Понятно, что проповедь Джован Баттисты Кьезы не была изначально сосредоточена вокруг его прихода и не распространялась из него; она развивалась в прямо противоположном направлении, и Сантена оказалась затронутой ею лишь на пике его деятельности. Сведения о занятиях Кьезы, предшествовавших тем, о которых сохранились записи в тетрадке, также указывают, что он практиковал, в сущности, за пределами местечка, где был священником[15]. Таким образом, благодаря этим записям начиная с конца июня мы можем проследить его наступательную стратегию, в которой Сантена играет роль центра, из которого Джован Баттиста отправляется в свои проповеднические набеги. В последних числах июня он находится в сельской местности между Карманьолой и Раккониджи, на равнине, где изгоняет бесов из двадцати с лишним человек; со 2 по 7 июля с противоположной по отношению к Сантене стороны, на холме, он действует в Момбелло, Монтальдо, Риве и вокруг Кьери. 17 июля, после первого перерыва в практике, он оказывается в Караманье, куда был официально приглашен советом коммуны, а затем, 20 июля, в Вилланове и в Феррере нелль’Астеджана. Только после этой даты появляются первые вылеченные сантенцы и документы говорят о скоплении людей у его дома. В Сантене он остается с 20 по 22 июля, но затем снова расширяет границы своих действий на склоне холма, обращенном к Асти, и после 22‐го находится в Дузино и Виллафранке.
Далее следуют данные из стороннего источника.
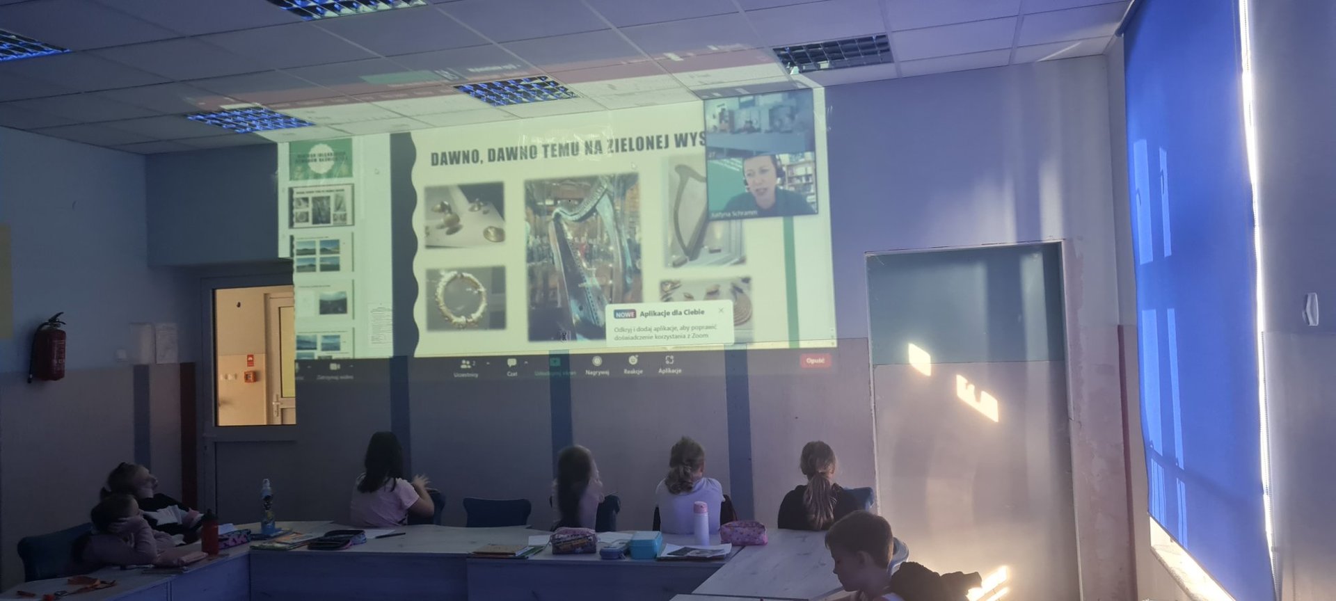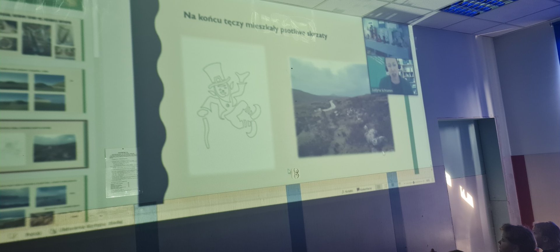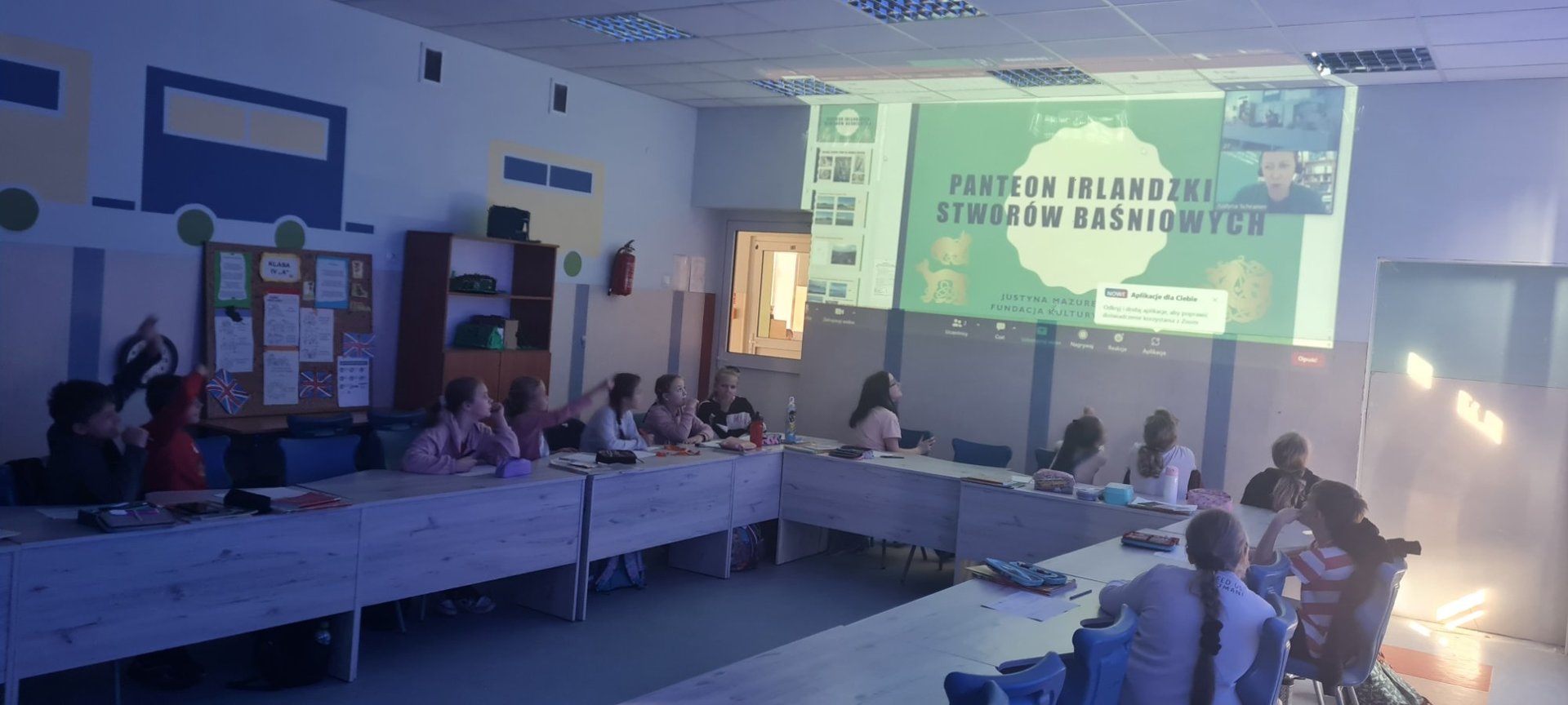 Za pomocą platformy Zoom połączyliśmy się "na żywo" z panią Justyną Mazurek-Schramm z Fundacji Kultury Irlandzkiej, która opowiedziała nam niesamowite historie o takich stworzeniach jak: Merrow (irlandzki syren lub syrenka), Pooka (potrafi zmieniać kształty i być kim chce), Aonbarr (zaczarowany koń władcy mórz i oceanów przedstawiany ze złotymi podkowami, złotym siodłem i uzdą), Sadbh (księżniczka zamieniona w łanię). Poznaliśmy także legendę o wyśmiewanym z powodu długich uszu władcy oraz o panicznie bojącym się fryzjerów królu. Dowiedzieliśmy się, że za rybę mądrości na Zielonej Wyspie uchodzi łosoś, a magicznym instrumentem jest znajdująca się na irlandzkim godle harfa.

Потом он остается в Сантене на протяжении трех дней, в доме, днем и ночью осажденном толпой, которая стекается из соседних деревень. Однако затем он сразу отправляется в путь и спускается на равнину южнее Турина, в сторону Пинероло; здесь он останавливается на два дня по приглашению приходов Ноне, Айраски и Скаленго, в центре более обширной зоны, многие жители которой собираются для лечения или из любопытства. Потом, в продолжение этого маятникового движения, он отправляется в Сан-Дамиано и в Чистерну, в сторону Асти, чтобы немедленно вернуться в Ноне и Виново, где остается на пять дней, а затем еще раз отправляется в Сан-Дамиано. 14 августа круг замыкается в Соммариве и в Черезоле, родной деревне Кьезы, и наконец, на следующий день, который стал последним в его свободной практике, он, по всей видимости, появляется в Сантене, где изгоняет бесов из четырех женщин из Гассино, нищего из Лангедока и солдата из Роккафорте в Монрегалезе.
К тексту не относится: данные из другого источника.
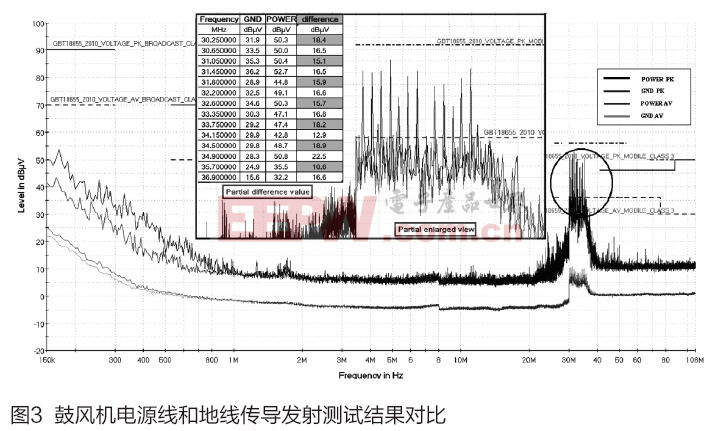 在测试期间,测试设置和测试步骤都遵循了GB 18655:2010的要求,但分析测试结果时,发现电源线传导噪声的峰值在30MHz-40MHz部分频点接近GB 18655:2010的等级3的限值要求,在34.6MHz峰值达到50.4dBμV,距离18655:2010的等级3在本频段的限值52dBμV只有1.6dBμV。而地线传导噪声的峰值却远远低于传导噪声的峰值限值。在32.6MHz峰值达到34.6dBμV,距离限值有17.4dBμV。与电源线传导噪声的测试结果差距很大,如图3所示。

В процессе прохождения по запутанному маршруту, избранному, возможно, из желания быть менее уязвимым для контроля со стороны епископа, а возможно, и из стратегических соображений, Кьеза регистрирует излечение 270 женщин и 261 мужчины (пол еще 8 человек установить невозможно), прибывших из группы селений, окружавших его приход. Однако примечательно, что он ни разу не остановился ни в одной из деревень, непосредственно соседствовавших с Сантеной, и действовал в зоне, включавшей Вольверу (5 пациентов), Айраску (6), Ноне (23), Виново (12), Карманьолу (30), Раккониджи (6), Караманью (2), Соммариве Боско (22), Черезоле (5), Монта’ (9), Чистерну (8), Сан-Дамиано (24), Виллафранку (7), Пойрино (6), Феррере (10), Вилланову (20), Риву (18), Момбелло (15), Монтальдо (16), Пино (6), Печетто (7), Монкальери (15), Трофарелло (5), Кьери (50). В Сантене, Вилластеллоне и Камбьяно, составляющих центр этой зоны, излечений было сравнительно мало; соответственно 27, 10 и 8.
График I. Изгнания бесов, проведенные Джован Баттистой Кьезой с 29 июня по 15 августа 1697 г.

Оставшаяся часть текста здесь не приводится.